The idea met with an enthusiastic response from prospective tenants, and Galeries des Sources is now rented "at about 99 per cent" said Vocelle. About three-quarters of the total is outlets such as Stokes Entrepôt, Pantorama Entrepôt and Pegabo Depot. The balance is made up of conventional retailers such as a Cinemas Guzzo complex and a Canadian Tire store.

Traffic is up as well. Vocelle can't be sure about historical data since door counters were only installed last year, but monthly traffic is now averaging 475,000. This total is up from about 300,000 the previous year, and about 200,000 in 1996.

"What is very unusual for this type of development is that the primary area served by the mall has increased considerably since its conversion," said Vocelle. "In the past only people from the adjoining communities were coming to visit. But with its new focus, the Galeries is now drawing customers from as far away as Hudson."

Vocelle, in his new capacity at Ivanhoe - which is a division of the Caisse de Dépôt et Placement du Québec - has direct operational responsibility for the 32 shopping centres in Quebec and Ontario that the firm manages. These include Les Jardins Dorval, the Beaconsfield and Cote St-Luc Shopping Centres, as well as Les Galeries Lachine.

Most of these malls were part of the real estate group that grocer Sam Steinberg built in the six decades leading up to his death in 1978. As his success grew in the supermarket business he began to run out of new locations in which he could set up new stores. So Steinberg took to building small shopping centres in growing communities, with his supermarkets as the anchor store.

After Sam passed away, stifling labour contracts, and the inertia resulting from a new generation of managers, forced the under-performing company onto the auction block.

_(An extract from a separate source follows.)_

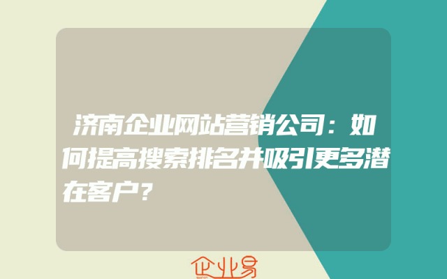 - 济南企业网站营销公司:如何提高搜索排名并吸引更多潜在客户?

Ivanhoe emerged as the most prized asset in the group, and was snapped up by the Caisse.

Vocelle, who was brought on board after being groomed in the Caisse's commercial real estate division, remains confident about the future of the local shopping centre. This, in spite of threats emerging from both E-commerce, and the latest craze: "power centres," which are groups of three or four oversized retailers such as Future Shop and Wal-Mart located closely together on huge lots.

"Even if the Internet evolves to the point that you can buy everything you need, there will always be shopping centres," said Vocelle. "People still like to get out of the house and shopping centres give them a place to go. In that sense they fill a social, as well as a business function."

Vocelle is equally sceptical about the future of power centres. "As the population ages do you really see people going into a huge store, buying two or three bags of groceries and walking across a huge parking lot to visit the other stores?"

"I think the shopping centre is going to be with us for a long time to come"

Photo caption: Traffic has gone up at Galeries Des Sources since it converted into an outlet centre last August.